How do you evaluate soft skills when hiring a new employee?
In the today’s workplace, a successful employee is not only someone who just understands and performs their roles accurately, but also brings something extra to the table, and can collaborate with different teams. Employees with the right soft skills excel at work and can play a major role in helping achieve team synergies. Evaluating soft skills during the hiring process is critical.
Soft skills are personal attributes, including interpersonal and communication skills that enhance an employee’s effectiveness in the workplace. Whether you are looking for candidates who can fill temporary positions or are offering permanent employment, it is important that in addition to assessing the technical, i.e. hard skills of applicants, you evaluate their soft skills as well. Here are three tips to help with that evaluation.
1. Ask behavior-based questions
When evaluating an applicant for soft skills, start by asking questions about past situations they were in and how they handled it. For example, to test their problem-solving skills, ask them to explain their answers in different scenarios. Inquire about any complex problems that they have solved in one of their past roles or a difficult situation they faced and how they handled it. Probe them about how they successfully used teamwork to complete a project. You can also ask about a hypothetical situation, such as “What if you were facing an ethical dilemma at work? Describe how you would approach it?” For more on using structured, behavioral based interview questions, check out: The Structured Interview: It’s More Than Personality .

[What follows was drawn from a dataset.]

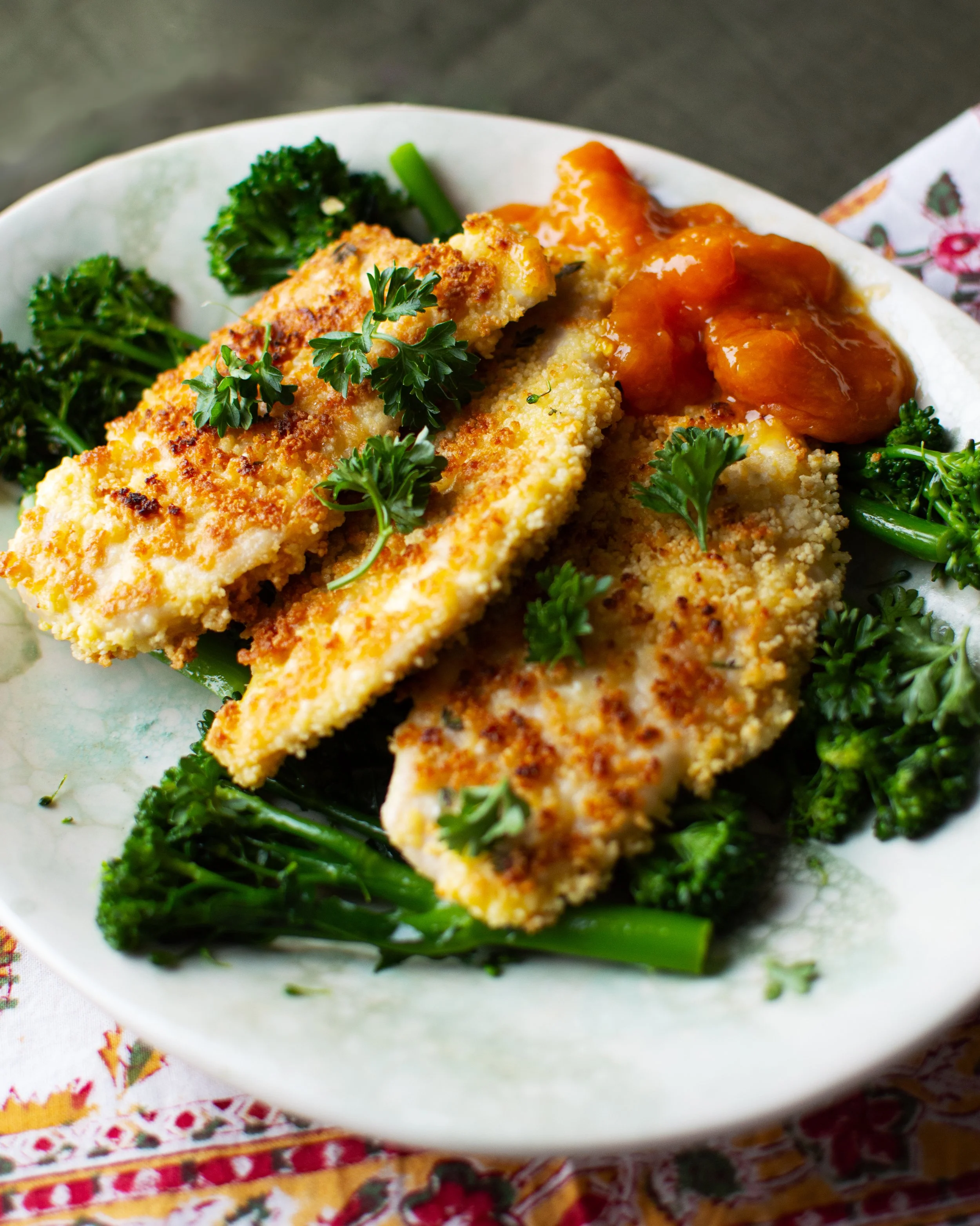 Crispy chicken is great, but crunchy chicken is even better! Just by pan-frying, you can achieve an insane crunch with every bite as the small beads of couscous crisp up. Served on a bed of garlic-infused broccolini and a jammy apricot sauce this is a well-balanced, colourful meal.

You can also ask the person to define their ideal work environment. Have them explain how they develop positive work relationships with their coworkers and supervisors. Analyzing the answers to these questions will help you create the candidate’s behavioral profile.
2. Ask references to rate the applicant’s soft skills
No matter how scientific and time-tested methods you use to assess an applicant’s soft skills, the chances of you making a judgmental error cannot be ruled out completely. To address this problem, check with their references. Those they have worked with in past roles can describe how they handle various situations. Or, ask the employee who referred the applicant to rate them. In most cases, employees who refer applicants know them well and can provide vital inputs that can help verify the recruiter’s findings.
3. Ask applicants to force rank their soft skills
Whether you are looking for temporary help or hiring for a full-time employee it does not make sense to ask questions in too straightforward a manner, as the answers to these no-brainers are pretty obvious. If, for instance, you ask applicants whether they have necessary soft skills, most of them would say yes.
To evaluate whether a particular applicant is the right fit for the organization, many recruiters in Greater Boston and the North Shore of Massachusetts, and elsewhere, ask applicants to force rank their soft skills. Once the recruiter has the list, they can check how high (or low) the soft skill that they consider essential to excel in the role ranks.
During the hiring process, technical and subject matter expertise (hard skills) are often given the most emphasis. Just as important are soft skills such as communication, teamwork and problem solving. When selecting the best candidate for a role, doing a good job of evaluating soft skills is key. The suggestions in this post should help you do just that.